900 U.S. Workers Temporarily Laid Off as Company Adjusts to New Tariffs
Automaker Stellantis, which owns brands like Jeep, Citroën, and Ram, has announced it will temporarily halt production at two of its facilities, the Windsor assembly plant in Canada and the Toluca assembly plant in Mexico, in response to President Donald Trump’s recent announcement of a 25% tariff on imported vehicles. This move will result in 900 U.S. employees being temporarily laid off as a result of the production stoppage.
The shutdown at the Windsor plant, located in Canada, will occur for two weeks—April 7 and April 14. Operations are expected to resume the week of April 21. Meanwhile, the Toluca assembly plant in Mexico will pause production for the entire month of April, starting April 7. The company is monitoring the situation closely to determine if further action is needed.
Temporary Layoffs and Uncertainty for U.S. Workers
Due to the halt in production, temporary layoffs will also affect workers at Stellantis’ Warren and Sterling stamping plants in Michigan, as well as the Indiana transmission plants and the Kokomo casting facility in Indiana. In an email to employees, Stellantis’ North American Chief Operating Officer Antonio Filosa explained that the company would quickly adapt to the tariff-induced policy changes. Filosa reassured employees by stating, “We understand that the current environment creates uncertainty.
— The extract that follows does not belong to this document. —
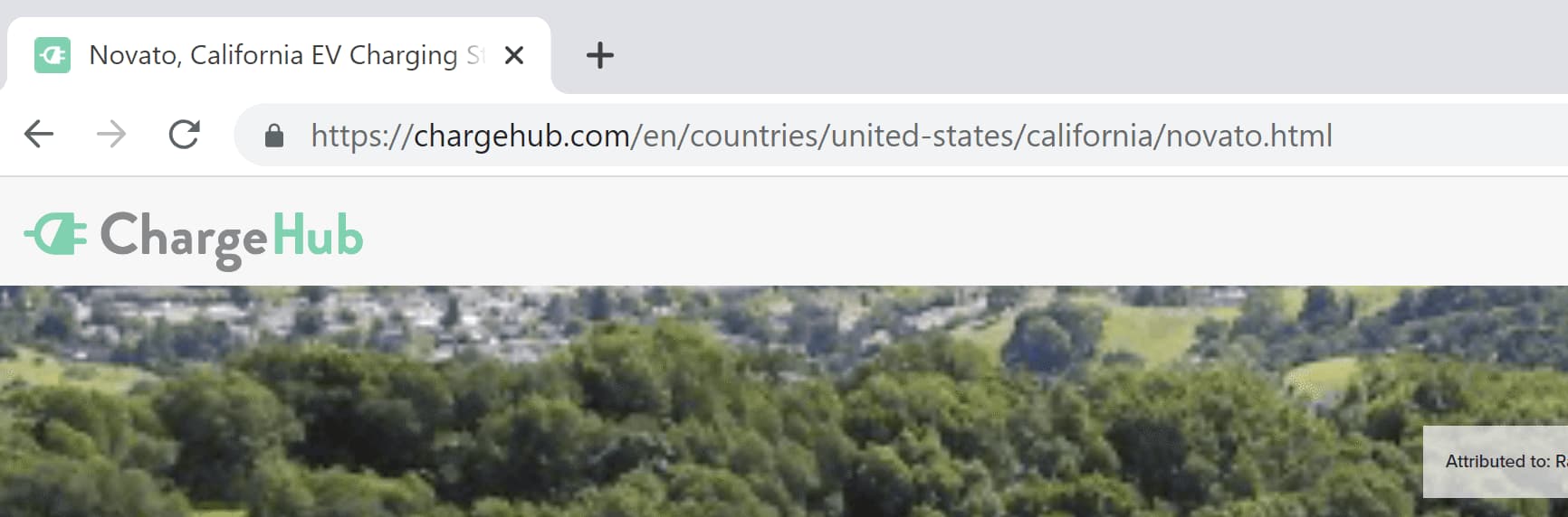 Title tags appear as clickable blue links for a webpage in Google search results. For example, a SERP result might display a title tag like “Novato, California EV Charging Stations Info.”

Be assured that we are very engaged with all of our key stakeholders, including top government leaders, unions, suppliers, and dealers in the U.S., Canada, and Mexico, as we work to manage and adapt to these changes.”
Impact of Trump’s Tariffs and Canada’s Response
President Trump’s 25% tariffs on auto imports, announced late last month, were intended to foster domestic manufacturing. However, the tariffs are expected to create financial strain on automakers that rely on global supply chains. In response, Prime Minister Mark Carney of Canada announced that the country will match Trump’s tariffs on U.S. vehicles, adding further strain to cross-border trade.
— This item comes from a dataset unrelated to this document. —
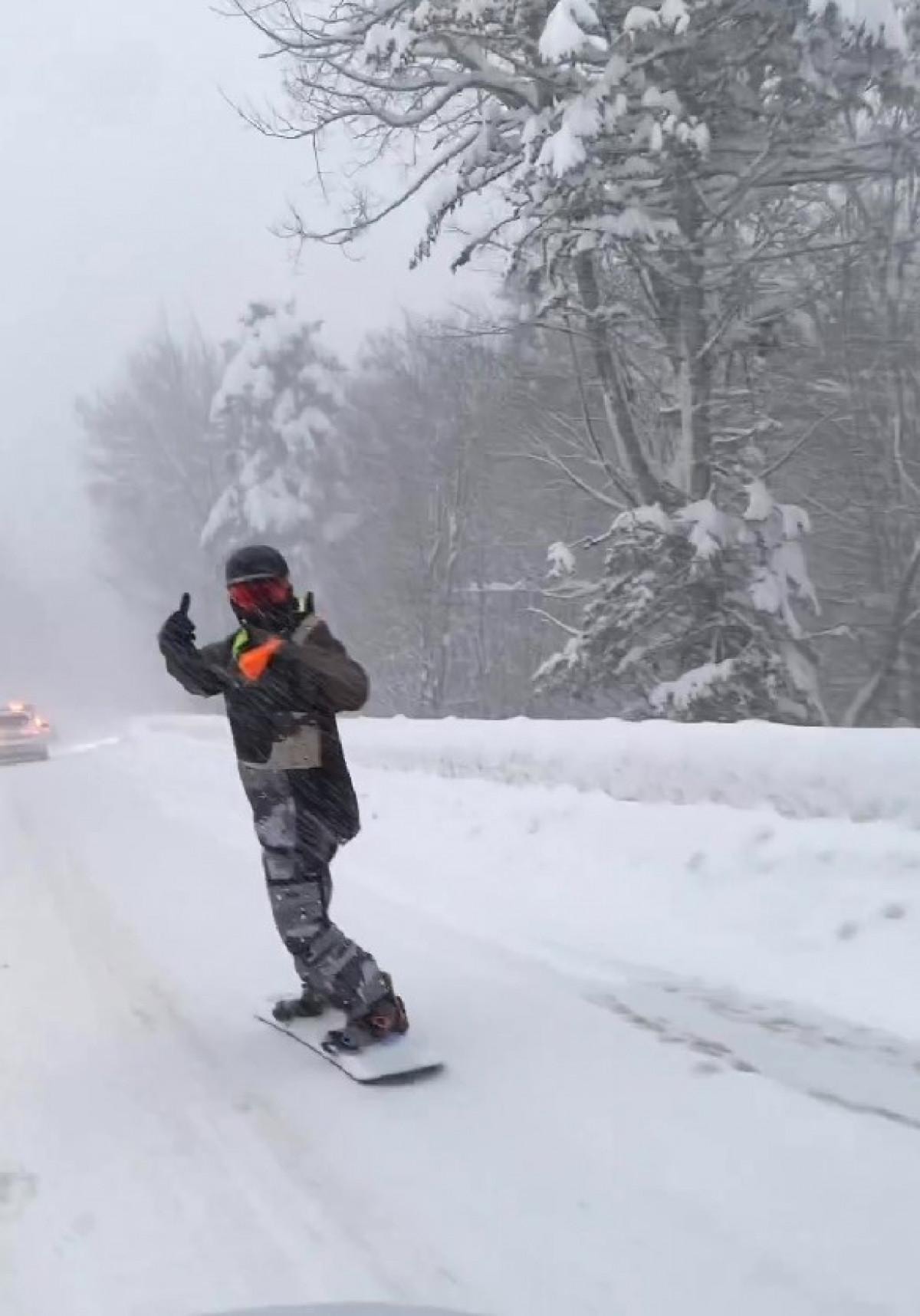 Bir kayaksever , trafiğe takılmamak için snowboard yaptı

Stellantis Struggles Amid Market Changes
Stellantis has been facing challenges of its own. In December, CEO Carlos Tavares stepped down amid declining sales. North America had long been a profitable region for the company, but increasing competition and shifting market conditions led to struggles in recent years. In response, Stellantis made leadership changes in October, appointing new heads for its North American and European operations. The company also announced plans to reopen an assembly plant in Illinois and build the next-generation Dodge Durango in Detroit, aiming to resolve ongoing issues with the United Auto Workers (UAW).